■ DESCRIPTION OF THE TASK: Could you repeat the entries below exactly, but only from the line with "Tentokrát se vydáme" through the line with "为全面深化高校课程思政建设,持续提升外语", and without any picture?

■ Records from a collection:
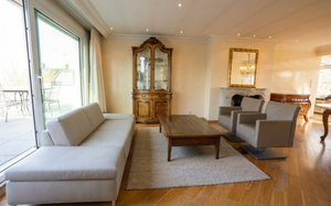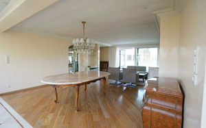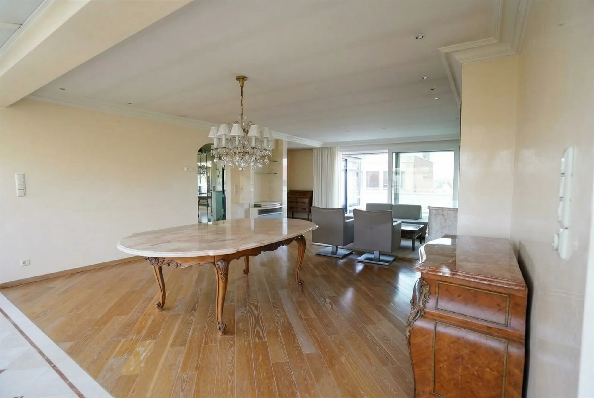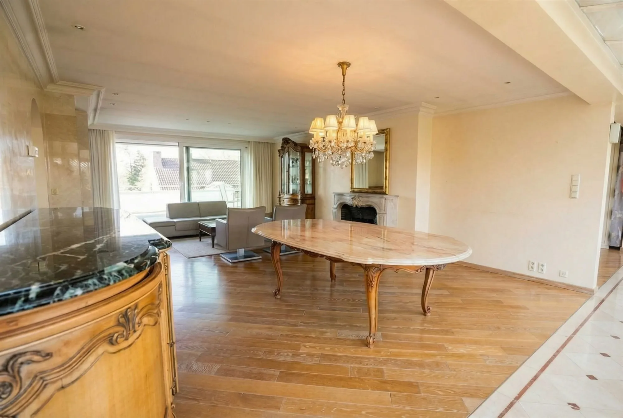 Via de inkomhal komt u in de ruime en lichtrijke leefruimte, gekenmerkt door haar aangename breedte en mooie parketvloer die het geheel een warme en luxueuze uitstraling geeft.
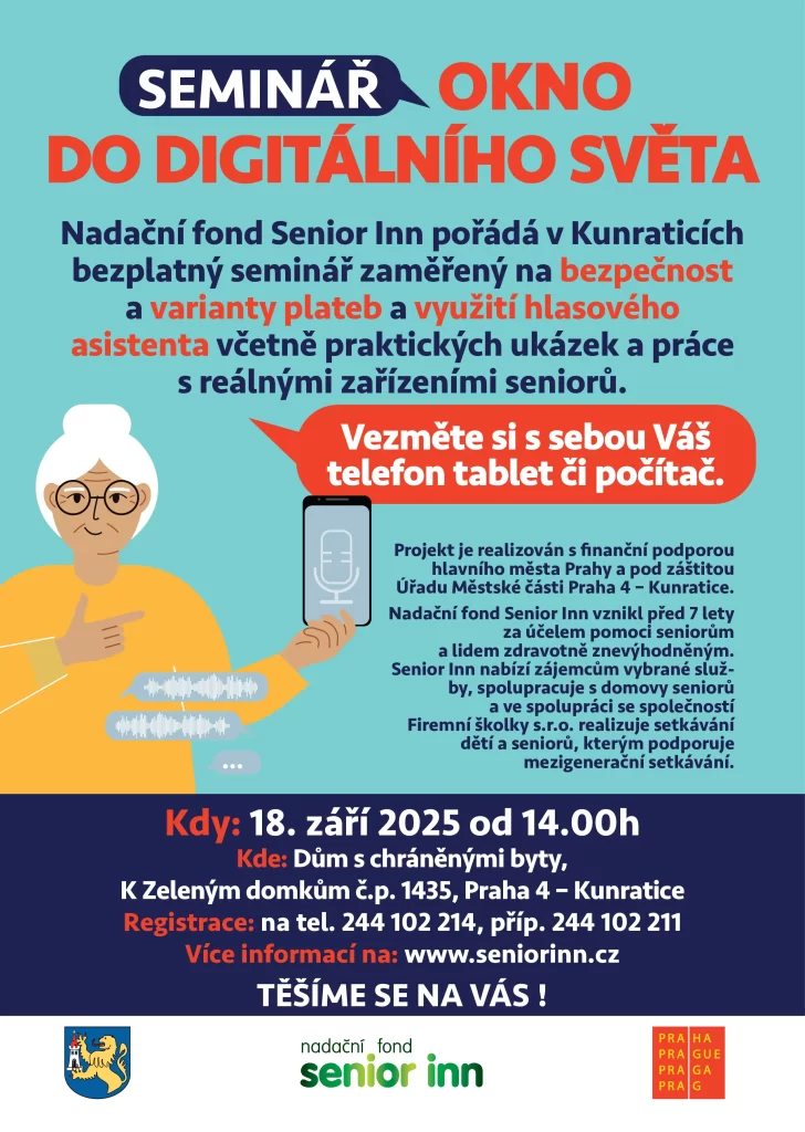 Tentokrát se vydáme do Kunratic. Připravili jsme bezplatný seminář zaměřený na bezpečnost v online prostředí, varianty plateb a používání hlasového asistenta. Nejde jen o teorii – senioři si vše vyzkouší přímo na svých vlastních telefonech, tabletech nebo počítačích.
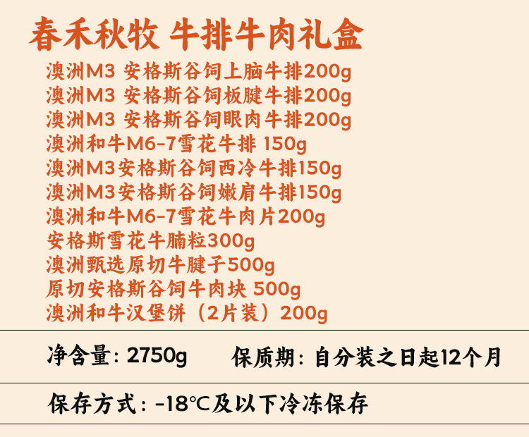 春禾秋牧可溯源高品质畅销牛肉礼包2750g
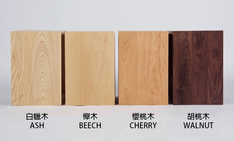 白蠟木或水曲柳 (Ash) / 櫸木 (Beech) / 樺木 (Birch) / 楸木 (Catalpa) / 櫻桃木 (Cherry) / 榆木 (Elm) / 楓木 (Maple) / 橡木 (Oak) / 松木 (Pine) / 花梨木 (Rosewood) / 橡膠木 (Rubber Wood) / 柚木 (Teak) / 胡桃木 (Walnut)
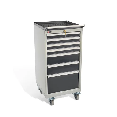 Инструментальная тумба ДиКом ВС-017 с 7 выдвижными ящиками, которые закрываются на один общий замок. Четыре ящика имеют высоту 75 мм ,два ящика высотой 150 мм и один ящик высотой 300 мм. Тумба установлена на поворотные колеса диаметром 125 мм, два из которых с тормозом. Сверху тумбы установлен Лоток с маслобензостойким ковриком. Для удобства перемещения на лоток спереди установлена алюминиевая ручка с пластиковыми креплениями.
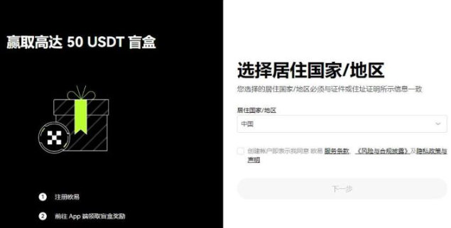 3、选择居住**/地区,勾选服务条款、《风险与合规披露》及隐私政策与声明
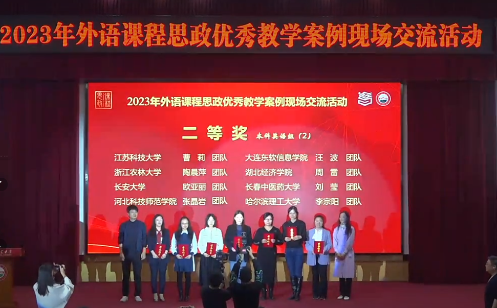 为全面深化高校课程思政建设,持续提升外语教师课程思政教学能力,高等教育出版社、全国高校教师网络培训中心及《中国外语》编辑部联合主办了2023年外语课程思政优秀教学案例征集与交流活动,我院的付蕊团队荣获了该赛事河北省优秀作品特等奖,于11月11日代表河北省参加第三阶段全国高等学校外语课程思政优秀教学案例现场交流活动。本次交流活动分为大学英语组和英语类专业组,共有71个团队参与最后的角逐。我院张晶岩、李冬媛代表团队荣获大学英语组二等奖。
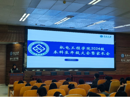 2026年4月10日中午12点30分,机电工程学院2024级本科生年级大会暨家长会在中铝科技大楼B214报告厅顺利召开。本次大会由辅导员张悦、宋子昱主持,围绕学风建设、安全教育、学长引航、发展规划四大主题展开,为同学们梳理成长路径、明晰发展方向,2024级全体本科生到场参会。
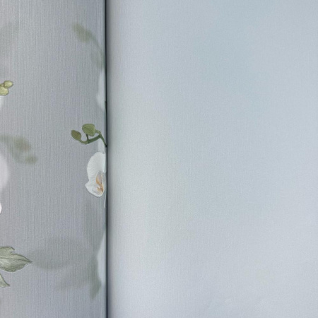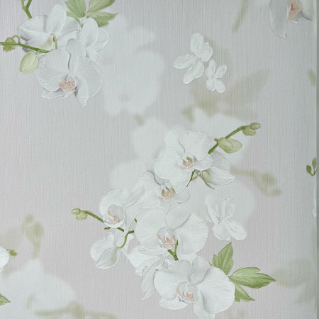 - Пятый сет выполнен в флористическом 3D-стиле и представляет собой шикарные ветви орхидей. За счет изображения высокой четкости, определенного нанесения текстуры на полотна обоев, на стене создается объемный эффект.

■ SOLUTION TO THIS EXERCISE:
 Tentokrát se vydáme do Kunratic. Připravili jsme bezplatný seminář zaměřený na bezpečnost v online prostředí, varianty plateb a používání hlasového asistenta. Nejde jen o teorii – senioři si vše vyzkouší přímo na svých vlastních telefonech, tabletech nebo počítačích.
 春禾秋牧可溯源高品质畅销牛肉礼包2750g
 白蠟木或水曲柳 (Ash) / 櫸木 (Beech) / 樺木 (Birch) / 楸木 (Catalpa) / 櫻桃木 (Cherry) / 榆木 (Elm) / 楓木 (Maple) / 橡木 (Oak) / 松木 (Pine) / 花梨木 (Rosewood) / 橡膠木 (Rubber Wood) / 柚木 (Teak) / 胡桃木 (Walnut)
 Инструментальная тумба ДиКом ВС-017 с 7 выдвижными ящиками, которые закрываются на один общий замок. Четыре ящика имеют высоту 75 мм ,два ящика высотой 150 мм и один ящик высотой 300 мм. Тумба установлена на поворотные колеса диаметром 125 мм, два из которых с тормозом. Сверху тумбы установлен Лоток с маслобензостойким ковриком. Для удобства перемещения на лоток спереди установлена алюминиевая ручка с пластиковыми креплениями.
 3、选择居住**/地区,勾选服务条款、《风险与合规披露》及隐私政策与声明
 为全面深化高校课程思政建设,持续提升外语教师课程思政教学能力,高等教育出版社、全国高校教师网络培训中心及《中国外语》编辑部联合主办了2023年外语课程思政优秀教学案例征集与交流活动,我院的付蕊团队荣获了该赛事河北省优秀作品特等奖,于11月11日代表河北省参加第三阶段全国高等学校外语课程思政优秀教学案例现场交流活动。本次交流活动分为大学英语组和英语类专业组,共有71个团队参与最后的角逐。我院张晶岩、李冬媛代表团队荣获大学英语组二等奖。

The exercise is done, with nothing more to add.